What to produce :: Your job with the data below is to output exactly the lines from the one holding "Figure 3. Benchmarking" down to the one holding "These findings have", both included, and no others.

Data excerpts ::
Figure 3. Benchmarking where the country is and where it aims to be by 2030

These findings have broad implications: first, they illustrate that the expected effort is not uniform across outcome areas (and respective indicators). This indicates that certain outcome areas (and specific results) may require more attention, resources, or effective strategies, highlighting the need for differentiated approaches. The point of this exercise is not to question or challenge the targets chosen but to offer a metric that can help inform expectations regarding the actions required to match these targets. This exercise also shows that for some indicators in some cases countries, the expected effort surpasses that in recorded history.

==

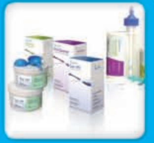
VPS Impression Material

Answer to the problem ::
Figure 3. Benchmarking where the country is and where it aims to be by 2030

These findings have broad implications: first, they illustrate that the expected effort is not uniform across outcome areas (and respective indicators). This indicates that certain outcome areas (and specific results) may require more attention, resources, or effective strategies, highlighting the need for differentiated approaches. The point of this exercise is not to question or challenge the targets chosen but to offer a metric that can help inform expectations regarding the actions required to match these targets. This exercise also shows that for some indicators in some cases countries, the expected effort surpasses that in recorded history.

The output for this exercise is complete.